§ TASK ITEM
Everything in the data below except the pictures must be repeated word for word.

§ GIVEN DATA
━━━

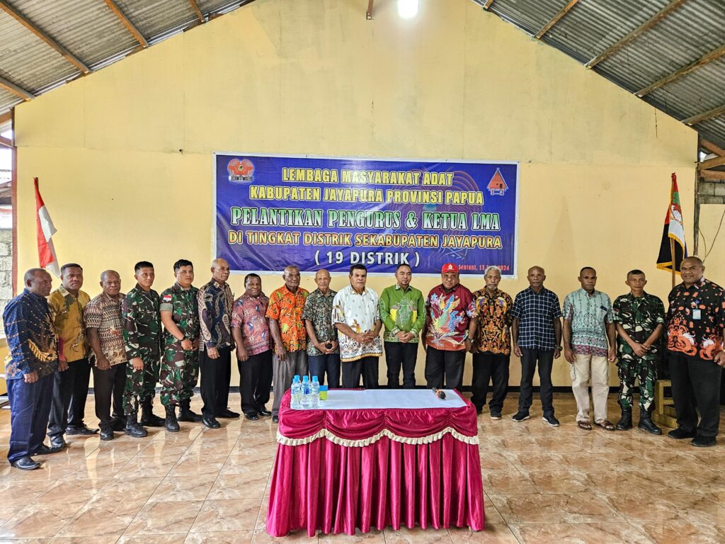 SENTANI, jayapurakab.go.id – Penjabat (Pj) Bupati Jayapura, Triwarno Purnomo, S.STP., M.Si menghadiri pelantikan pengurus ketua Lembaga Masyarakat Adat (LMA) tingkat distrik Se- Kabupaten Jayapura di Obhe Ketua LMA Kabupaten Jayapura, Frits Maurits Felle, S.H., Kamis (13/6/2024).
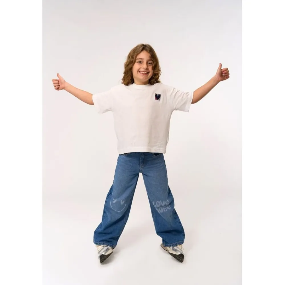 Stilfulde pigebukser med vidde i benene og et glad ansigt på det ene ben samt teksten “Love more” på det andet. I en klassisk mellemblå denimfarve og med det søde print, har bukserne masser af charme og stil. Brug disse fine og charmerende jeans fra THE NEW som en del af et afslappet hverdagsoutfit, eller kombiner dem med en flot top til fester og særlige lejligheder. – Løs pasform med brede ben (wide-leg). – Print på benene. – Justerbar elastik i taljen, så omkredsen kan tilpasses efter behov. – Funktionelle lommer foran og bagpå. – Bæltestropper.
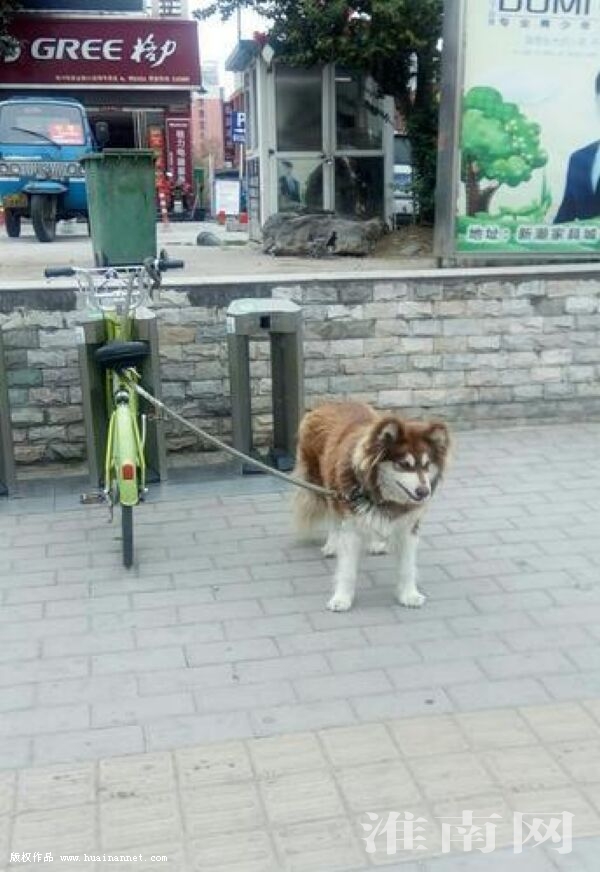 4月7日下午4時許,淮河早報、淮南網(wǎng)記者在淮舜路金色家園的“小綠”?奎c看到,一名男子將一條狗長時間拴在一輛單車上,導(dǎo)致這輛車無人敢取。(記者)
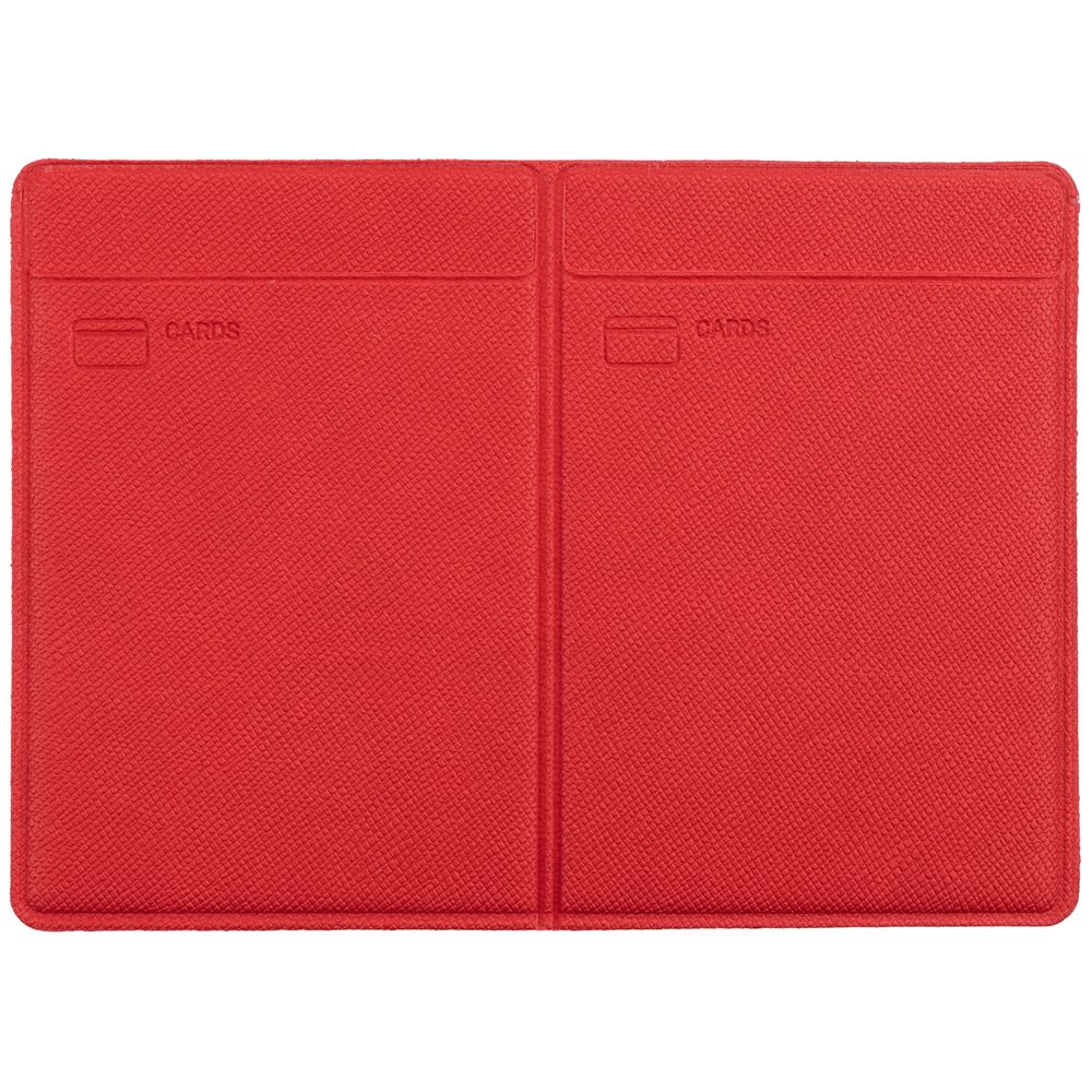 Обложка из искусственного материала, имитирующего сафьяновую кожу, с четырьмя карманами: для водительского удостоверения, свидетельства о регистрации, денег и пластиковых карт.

━━━

§ SOLUTION TO THIS EXERCISE
 SENTANI, jayapurakab.go.id – Penjabat (Pj) Bupati Jayapura, Triwarno Purnomo, S.STP., M.Si menghadiri pelantikan pengurus ketua Lembaga Masyarakat Adat (LMA) tingkat distrik Se- Kabupaten Jayapura di Obhe Ketua LMA Kabupaten Jayapura, Frits Maurits Felle, S.H., Kamis (13/6/2024).
 Stilfulde pigebukser med vidde i benene og et glad ansigt på det ene ben samt teksten “Love more” på det andet. I en klassisk mellemblå denimfarve og med det søde print, har bukserne masser af charme og stil. Brug disse fine og charmerende jeans fra THE NEW som en del af et afslappet hverdagsoutfit, eller kombiner dem med en flot top til fester og særlige lejligheder. – Løs pasform med brede ben (wide-leg). – Print på benene. – Justerbar elastik i taljen, så omkredsen kan tilpasses efter behov. – Funktionelle lommer foran og bagpå. – Bæltestropper.
 4月7日下午4時許,淮河早報、淮南網(wǎng)記者在淮舜路金色家園的“小綠”?奎c看到,一名男子將一條狗長時間拴在一輛單車上,導(dǎo)致這輛車無人敢取。(記者)
 Обложка из искусственного материала, имитирующего сафьяновую кожу, с четырьмя карманами: для водительского удостоверения, свидетельства о регистрации, денег и пластиковых карт.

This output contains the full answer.